683. Settler Colonialism and American Literary History

(Session related to the Presidential Theme: Boundary Conditions)
Sunday, 8 January, 8:30–9:45 a.m.

202B, Pennsylvania Convention Center

Presiding: Hsuan L. Hsu, Univ. of California, Davis

  1. “Between Two Ghost Dances: Sarah Winnemucca’s Narrative and the Limits of the Event in Literary History,”Mark Rifkin, Univ. of North Carolina, Greensboro
  2. “Playing Stories: Settler Colonialism as Ludonarrative Dissonance,”Jodi A. Byrd, Univ. of Illinois, Urbana
  3. “The Liberal, the Anarchist, and the Frontiersman: Dissent and the Settler Colonial Imaginary in United States Literature,”Alex Young, Amherst Coll.

This panel aims to explore the implications of settler colonial studies for scholars working across all periods of American literature and Native American literature. While scholars of American literature have considerably advanced our understanding of uneven cultural exchanges between settlers and Natives, the field has only begun to reckon with the ongoing expropriation and occupation of Native lands. Even in its most subversive or “queer” manifestations, American literature and culture across all periods is premised upon what Mark Rifkin calls “settler common sense”—or the foundational status of settler views concerning sovereignty, place, sexuality, and personhood, which facilitate Indigenous erasure and displacement while securing settler futurity. What archival resources, trans-textual practices, methods, and concepts would be animated by reframing American literature as a settler tradition premised upon the ongoing occupation of expropriated lands?

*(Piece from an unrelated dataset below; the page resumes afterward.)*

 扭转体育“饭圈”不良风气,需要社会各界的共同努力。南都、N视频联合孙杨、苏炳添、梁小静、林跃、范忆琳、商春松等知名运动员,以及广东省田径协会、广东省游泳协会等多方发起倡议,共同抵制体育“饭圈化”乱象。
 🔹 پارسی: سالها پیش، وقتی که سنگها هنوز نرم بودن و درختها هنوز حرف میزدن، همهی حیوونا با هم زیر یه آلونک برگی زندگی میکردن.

In what ways might grappling with settler colonialism differently reconfigure our understanding of Native American literatures? How does foregrounding settler colonialism as an ongoing process and worldview intervene in other prominent conversations in the field concerning topics such as transnationalism, empire, environment, race, multiculturalism, freedom, and dissent? This panel brings together three scholars whose work has put American literature and Native literature in critical dialogue with the field of settler colonial studies; each panelist will present current research while foregrounding how it connects settler colonial critique with questions of literary form, narrative, and intertextuality.

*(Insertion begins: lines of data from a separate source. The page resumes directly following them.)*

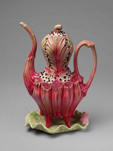 Evoking the naturalistic forms of mid-eighteenth-century British ceramics, Seeman's coffeepot appears nostalgic and perhaps even retrograde. Yet upon closer examination, forms that look like rhubarb and cabbage leaves actually represent human tissue. When the top is removed, the underside reveals white pulp and seeds reminiscent of pomegranate that can also be read as bone and red corpuscles—familiar forms that attract then repulse.
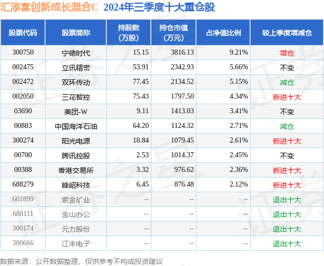 从基金规模来看,汇添富创新成长混合C基金2024年三季度公布的基金规模为0.51亿元,较上一期规模4674.52万元变化了471.03万元,环比变化了10.08%。该基金最新一期资产配置为:股票占净值比84.94%,无债券类资产,现金占净值比14.66%。从基金持仓来看,该基金当季前十大股票仓位达40.02%,第一大重仓股为宁德时代(300750),持仓占比为9.21%。
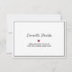Célébrez votre fiançailles avec ces cartes à plat recto verso personnalisées de juin 2024 mariage "enregistrer la date". Sur le devant, ces élégantes cartes blanches et noires montrent votre photo, avec les noms de la mariée et du marié, votre date de mariage, et un calendrier pour le mois de juin 2024 pour rappeler à vos invités. Ils comprennent également un petit coeur d'aquarelle bordeaux et un "cercle de dates" pour encercler la date du calendrier. À l'arrière, vous trouverez de la place pour votre emplacement mariage et plus de texte, comme les mots "invitation formelle à suivre" et votre site Web. CONSEIL : Pour faire le tour d'une autre date du calendrier, après avoir rempli tous vos autres détails, sélectionnez "customiser / personnaliser davantage". Le CERCLE DATE est l'image supérieure. Sélectionnez-le et déplacez-le à votre date de mariage. Vous pouvez également le redimensionner ou réorganiser et supprimer d'autres éléments.

Alex Trimble Young’s paper, “The Liberal, the Anarchist, and the Frontiersman: Dissent and the Settler Colonial Imaginary in U.S. Literature,” revisits Sacvan Bercovitch’s conception of the American frontier as a symbolic ritual of consensus. While Americanists have generally followed Bercovitch in approaching the frontier as an instance of nationalist, US-exceptionalist rhetoric, the field of transnational settler colonial studies frames the frontier instead as a specific spacio-temporal site in the conflict between settlers and Indigenous peoples. This materialist configuration of the settler colonial frontier operates not only in rituals of consent, but also in ostensibly oppositional discourses of dissent. Drawing on scholarship by Patrick Wolfe, Lorenzo Veracini, and others, Young tracks the frontier concept through early issues of the influential countercultural journal The Evergreen Review. Frontier allegory, he argues, enables a range of oppositional writers to articulate critiques of the liberal state that are nonetheless imbricated in the exclusionist and eliminatory logic of settler colonialism.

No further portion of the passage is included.